昨年1月、星野は野球殿堂入りを果たした。そのとき、お祝いの電話を入れたのが最後だった。
私は元スポーツニッポン記者でマスコミの人間であったが、星野とは東京六大学時代からの付き合いがあり、同学年でもあったため、大学を卒業してからも親しくさせてもらった。
正直、すい臓がんを患っていたことは知らなかったが、現場の最前線で闘ってきた星野は常に“病”とも闘っていた。“仙友”の田淵幸一はこう語っていた。
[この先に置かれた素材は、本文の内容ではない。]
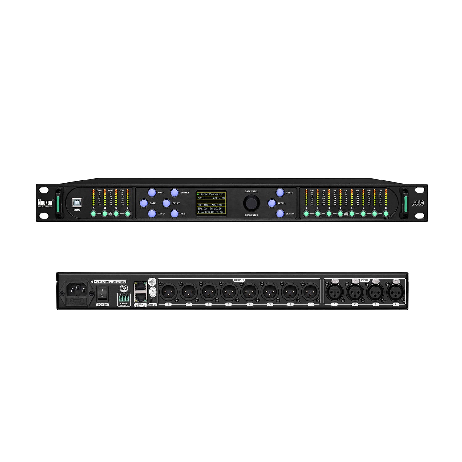 支持4路模拟输入,8路模拟输出。每路输入和输出通道支持13段参数均衡器、配有高低通滤波器、全通滤波器、信号发生器、噪声门、增益控制、
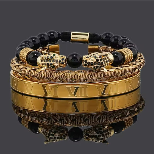 Luxe Zwarte Steen Kralen Armband â Luipaard Hoofd | Roestvrijstalen Romeinse Armband Set

「まだまだ監督をする気迫は持っていたが、阪神監督時に無理を押して采配を振るっていたから、体調面はずっと心配だった」
阪神監督時代、私は東京の宿舎をよく訪ねたものだ。その際、星野の部屋には常に10種類以上の薬が置いてあった。私の知る限りでは糖尿病と心臓病のため、グリセリンなども用意されていた。
「絶対に言うなよ!」
薬のことを星野からこう口止めされていた。
'05年、星野は巨人監督を要請されている――私は星野と近い関係者から情報を得た。周辺取材すると、すでにコーチングスタッフまで決まっていた。直接、星野に電話で確認したら「誰に聞いたんだ。うまくやれ!」と否定しなかった。
これまで間違った情報を星野にぶつけると「書いたら(記事にしたら)恥をかくぞ」と忠告してくれたので、“うまくやれ”は私なりに記事化のゴーサインと受け止めた。“星野巨人監督”は『週刊現代』で緊急連載した。結果的には、巨人OBなどの圧力により、星野の巨人監督誕生は実現しなかったが…。
私の取材では、もし北京五輪('08年)で星野ジャパンが金メダルを獲得していれば、間違いなく星野巨人は誕生していた。だが、ご承知のように星野ジャパンは惨敗(4位)し、幻となった。
ミスター長嶋茂雄に憧れ、その理想像を追い続けた闘将は静かに旅立った。